Once again, we're all watching protests on TV from Minnesota, where another Black person has been killed by a police officer in a way that seems utterly incomprehensible to any reasonable person. Of course part of our problem is the rarity of reasonable persons in America; I suspect our population is down to the double digits by now. But once again, we're embroiled in conflicted emotions and open conflicts regarding policing in our increasingly diverse nation.

I've had some interesting experiences with police in the course of my life as a social and political outlier (as you might expect).

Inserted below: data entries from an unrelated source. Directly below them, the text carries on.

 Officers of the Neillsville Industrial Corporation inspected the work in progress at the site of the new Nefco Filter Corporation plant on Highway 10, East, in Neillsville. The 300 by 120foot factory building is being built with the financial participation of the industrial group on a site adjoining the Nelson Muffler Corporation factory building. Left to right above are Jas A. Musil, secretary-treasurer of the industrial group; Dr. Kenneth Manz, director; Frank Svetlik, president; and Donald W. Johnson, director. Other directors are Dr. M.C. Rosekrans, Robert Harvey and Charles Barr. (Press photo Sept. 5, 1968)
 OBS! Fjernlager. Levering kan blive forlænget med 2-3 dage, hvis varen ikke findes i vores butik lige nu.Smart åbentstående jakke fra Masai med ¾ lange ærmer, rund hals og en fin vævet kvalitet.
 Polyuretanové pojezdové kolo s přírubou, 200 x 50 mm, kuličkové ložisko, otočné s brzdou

There was a time in my life when I (and my friends) assumed a rather colorful self-expression--letting the Pagan hippie vibe hang out, and to make it worse, I drove a series of battered Volkswagen Beetles. There was one memorable occasion when I was driving down Rte 128 at 50 mph (as I said, it was a VW Bug) and a car full of teenagers drew up beside me in the next lane, pacing me. The young person in the passenger's seat lowered his window (my window was open because it was summer and, VW Bug--I was lucky if they had heaters). The young person yelled over at me:

"Do you have any rolling papers?"

It was like the stoner version of the Grey Poupon commercials. Regretfully, I had to disappoint him--and that wasn't because I didn't smoke weed. I just didn't have any right then.

But maybe it was the general vibe that the young people picked up on that led to my being pulled over by the cops on a fairly regular basis. I'd be going someplace, obeying the speed limit, minding my own business, and...flashing blue lights. I'd pull over, the cop would ask for my license and registration, he'd ask where I'd been and where I was going, and then--"okay, you can go." I was never cited. I was never told I'd been doing anything wrong. And this happened all the time.

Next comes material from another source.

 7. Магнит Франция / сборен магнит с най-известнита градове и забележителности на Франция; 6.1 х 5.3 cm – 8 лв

The VWs all went to car heaven, my style changed from hippie to Goth and later to funky artist, and I no longer attracted so many blue lights. But when I hear stories from Black Americans about being pulled over for no reason by the cops, I can relate--at least sort of. I didn't really worry about being shot, not the way Black people do. But I did think about it. I was acutely aware that the officer behind me was armed. And I still get tense when I see a police cruiser, to this day.

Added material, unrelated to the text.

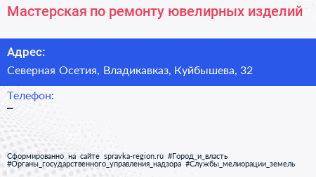 Мастерская по ремонту ювелирных изделий по адресу Северная Осетия, Владикавказ, Куйбышева, 32 в дальнейшем Организация, размещена в следующих категориях: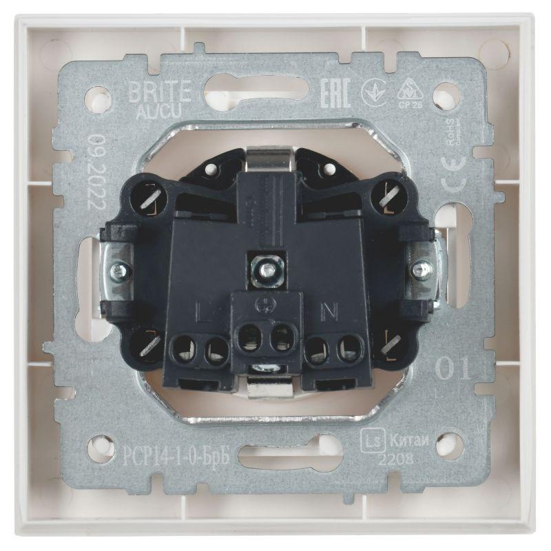 Розетка BRITE РСР14-1-0-БрБ 16А в сборе с заземл. защ. шторки бел. IEK BR-R14-16-K01-F

It's impossible to look honestly and objectively at the current events in this country and not conclude that our approach toward policing and law enforcement needs a serious change. Whatever faults our police have, they don't exist in a vacuum. They reflect the major shortcomings in our nation and our society as a whole. We can't simply yell "defund the police" as though that will solve the problem--or any of the problems. It won't, and it only increases the tension and mistrust between the police and the citizens they are sworn to serve.

It's interesting to note that the people who claim most passionately to support the police are the very same people who proclaim their "2nd Amendment rights" and go into near-hysterics at the slightest hint of gun regulations. If you ask them why guns are important to them, they'll say they need guns for "self-defense."

But aren't the police supposed to defend us? If you say you need guns to defend yourself against criminals, aren't you flat-out saying that you don't trust the police to help you?

One reason the police have such a dangerous job, and want to be so heavily armed themselves, is because the American citizenry is so heavily armed. The best way to make every police officer safer (and less scared) is to enact really rigorous gun control. But the very same people who wave "blue line" flags also wave "come and take it" gun rights banners.

Here's the bottom line. If you support the police, support gun control. That's it. Period. Every cease-fire has to start with somebody. It takes a real exercise in trust to put down your weapon. But we've got to do it.

Our social problems can't be isolated and fixed one at a time. Violence, racism, authoritarianism, delusional thinking, they're all a knotted tangle, but they have one root: fear. Fear is the great enemy. All our sins grow from the seeds of that bitter fruit. That's what we need to solve.

Defund the police? No. But put down our weapons, all of us, police included? Yes. It's time for the Pax Americana to come home.